> **Raw data**

================================

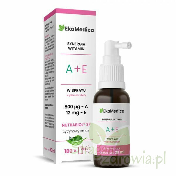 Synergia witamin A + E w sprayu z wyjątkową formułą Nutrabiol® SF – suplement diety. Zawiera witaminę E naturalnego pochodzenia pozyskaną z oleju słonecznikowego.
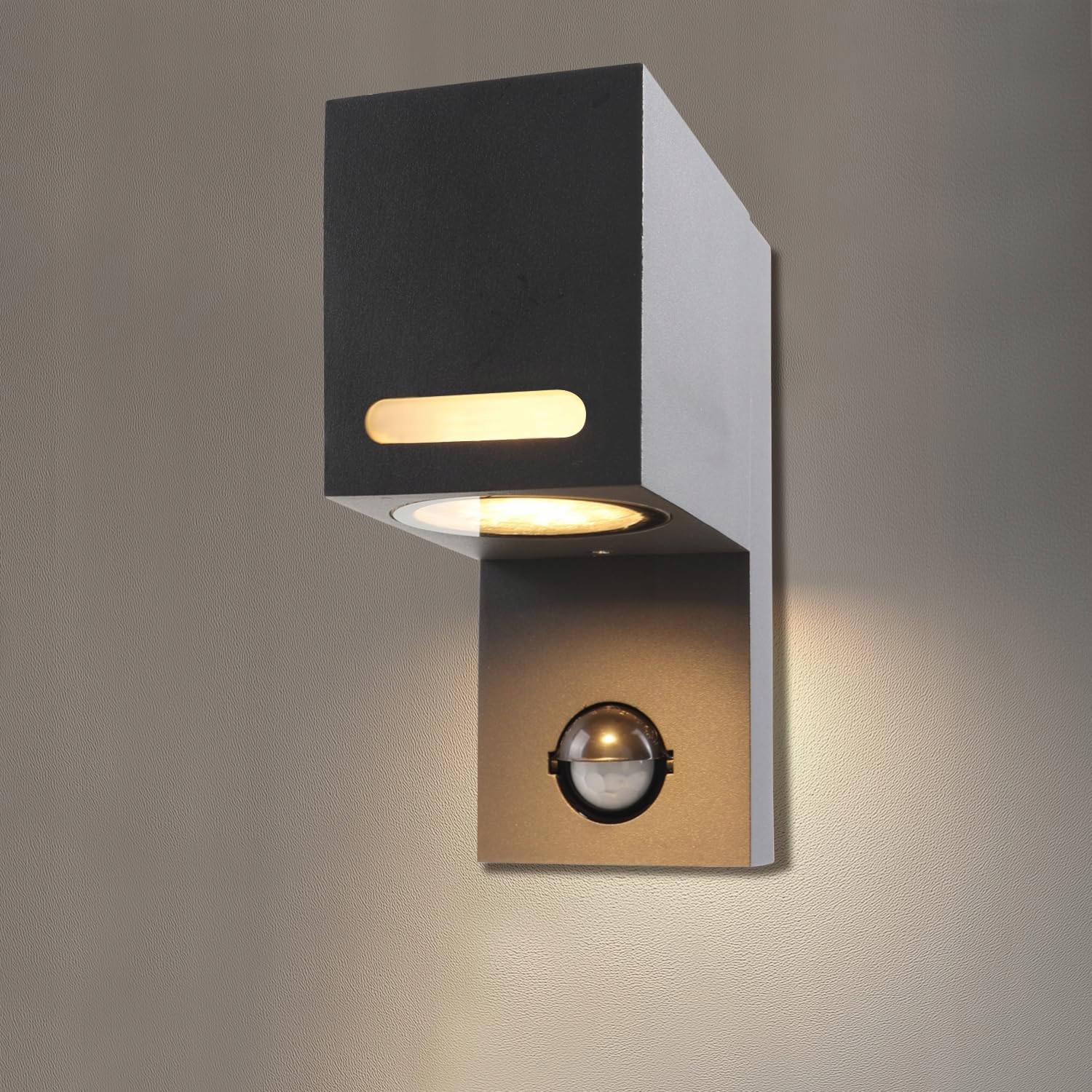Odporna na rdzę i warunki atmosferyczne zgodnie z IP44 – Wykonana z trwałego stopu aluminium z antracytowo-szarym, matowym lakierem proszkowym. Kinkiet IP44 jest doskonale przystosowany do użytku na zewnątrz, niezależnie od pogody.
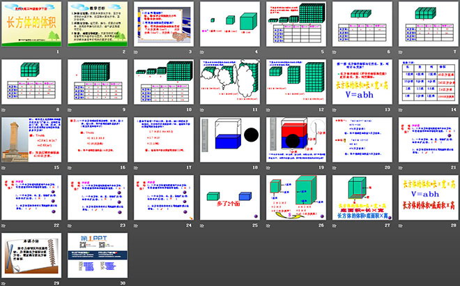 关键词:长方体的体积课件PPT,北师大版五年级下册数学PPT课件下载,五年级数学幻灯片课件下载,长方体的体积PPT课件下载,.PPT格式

================================

> **Your objective**
Print out all the material above exactly as it appears, omitting the images.

> **Solution to the exercise**
 Synergia witamin A + E w sprayu z wyjątkową formułą Nutrabiol® SF – suplement diety. Zawiera witaminę E naturalnego pochodzenia pozyskaną z oleju słonecznikowego.
Odporna na rdzę i warunki atmosferyczne zgodnie z IP44 – Wykonana z trwałego stopu aluminium z antracytowo-szarym, matowym lakierem proszkowym. Kinkiet IP44 jest doskonale przystosowany do użytku na zewnątrz, niezależnie od pogody.
 关键词:长方体的体积课件PPT,北师大版五年级下册数学PPT课件下载,五年级数学幻灯片课件下载,长方体的体积PPT课件下载,.PPT格式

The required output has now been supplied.